Last week, the Washington Examiner did a nice job covering the growing Social Security Disability Insurance (SSDI) crisis, and Congress’s recent response to it. The issue at stake is the 2016 benefit adjustment, which would cut 20% of benefits for more than 10 million SSDI recipients:

“Many Democrats want to sweep the problem under the rug with an accounting gimmick that would merge the disability trust fund with the general Social Security trust fund, which, on paper, isn’t expected to be depleted until 2034. But House Republicans passed a rule [Tuesday] to protect the broader Social Security program from being raided.

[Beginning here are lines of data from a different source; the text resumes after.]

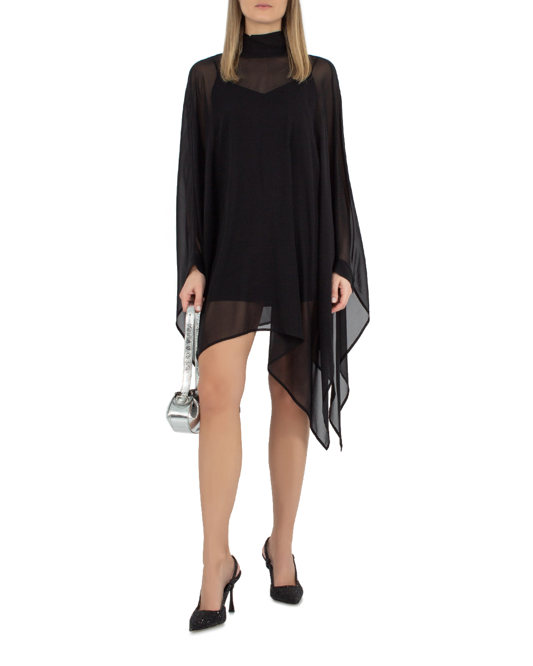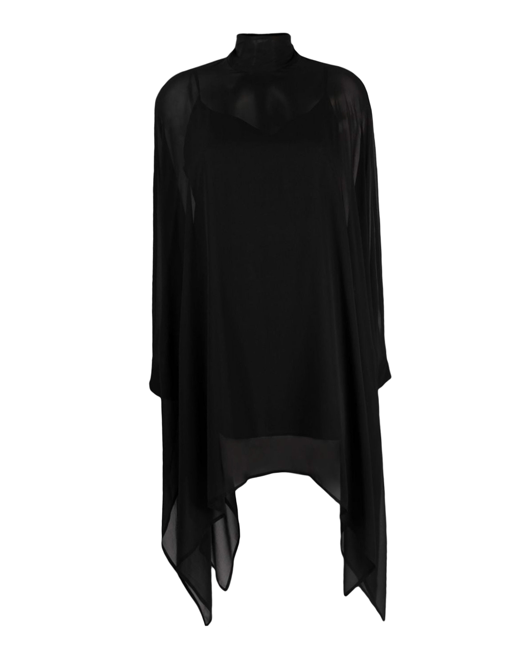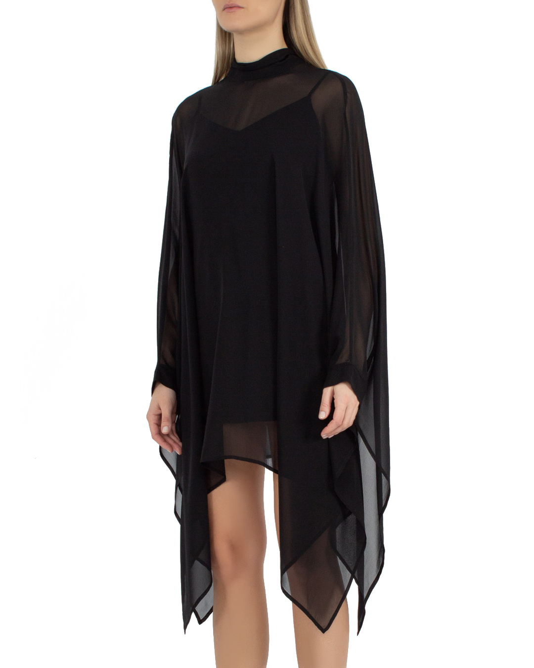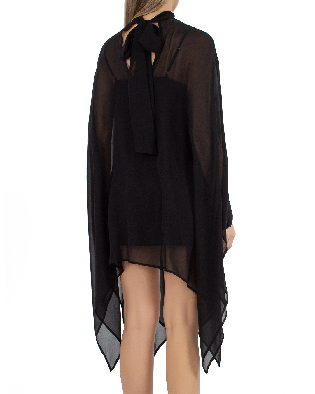 Блуза P.A.R.O.S.H. из полупрозрачного шелка с нижним топом на бретелях. Модель асимметричной длины с широкими завязками на спине.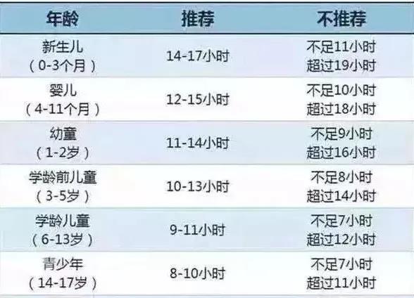 不同年龄的孩子,如果在某个时间起床时间,那么他也要在对应的某个时间睡觉。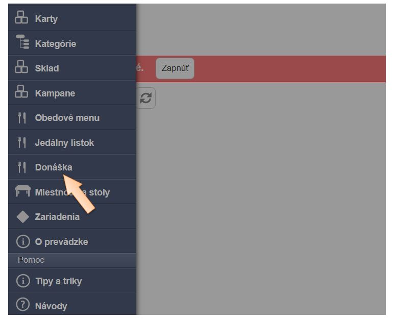 1. Kliknite v menu aplikácie na možnosť Donáška.

In 1994, the payroll tax rate was reallocated between Social Security’s two trust funds to avoid depletion of the disability insurance fund, but another reallocation would ignore Social Security’s long-term funding issues.”

The idea for reallocation came from the bleak 2014 Social Security Trustees report, which described, “Lawmakers may consider responding to the impending [Disability Insurance] Trust Fund reserve depletion, as they did in 1994, solely by reallocating the payroll tax rate between [Old-Age and Survivors Insurance] and DI. Such a response might serve to delay DI reforms and much needed financial corrections for OASDI as a whole. However, enactment of a more permanent solution could include a tax reallocation in the short run.”

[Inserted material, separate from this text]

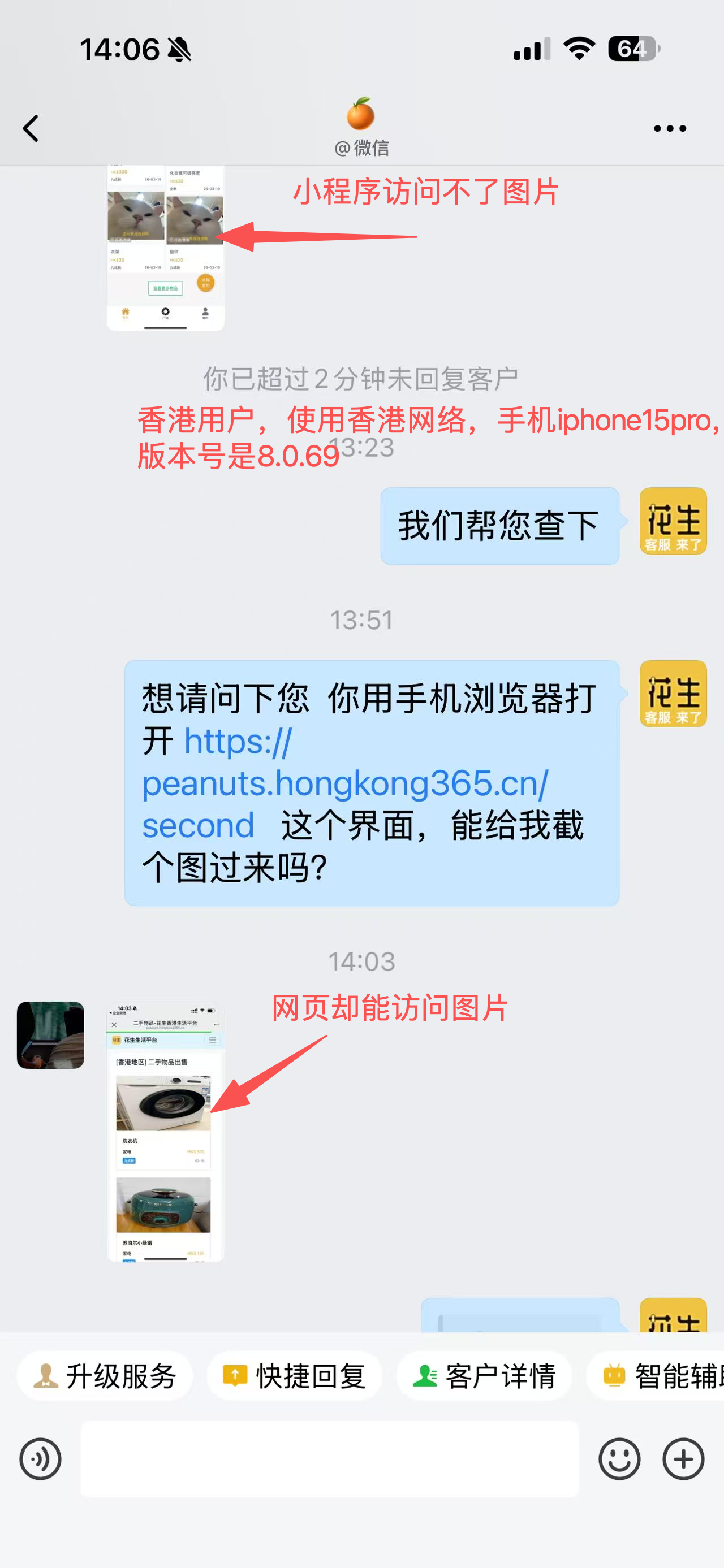 香港用户,访问我们微信小程序,所有图片加载不出来。但是他的手机,访问我们的移动端官网,却能加载出来对应图片。我们图片使用的是cdn服务,然后图片的地址是这个https://cc.hongkong365.cn/social/second/introduce/2026-03-19/oPBXs4spm8jyR4C5d6g0Dyuf-rVs_1773881508310_75725_12373.png 和 https://cc.hongkong365.cn/social/second/introduce/2026-03-19/oPBXs4spm8jyR4C5d6g0Dyuf-rVs_1773881252425_96157_97781.png 对应截图中香港用户访问出错的图片。

The reallocation response would be merely a bandaid, ignoring the overall Social Security funding crisis, which is why the House passed a rule prohibiting reallocation unless it is combined with “benefit cuts or tax increases that improve the solvency of the combined trust funds”. That is to say, there must be some act of long-term reform.

Apparently, the Left was having none of that; responses were swift and sharp. The LA Times headline screamed, “On Day One, the new Congress launches an attack on Social Security”. The paper further described how,

“The rule hampers an otherwise routine reallocation of Social Security payroll tax income from the old-age program to the disability program. Such a reallocation, in either direction, has taken place 11 times since 1968, according to Kathy Ruffing of the Center on Budget and Policy Priorities.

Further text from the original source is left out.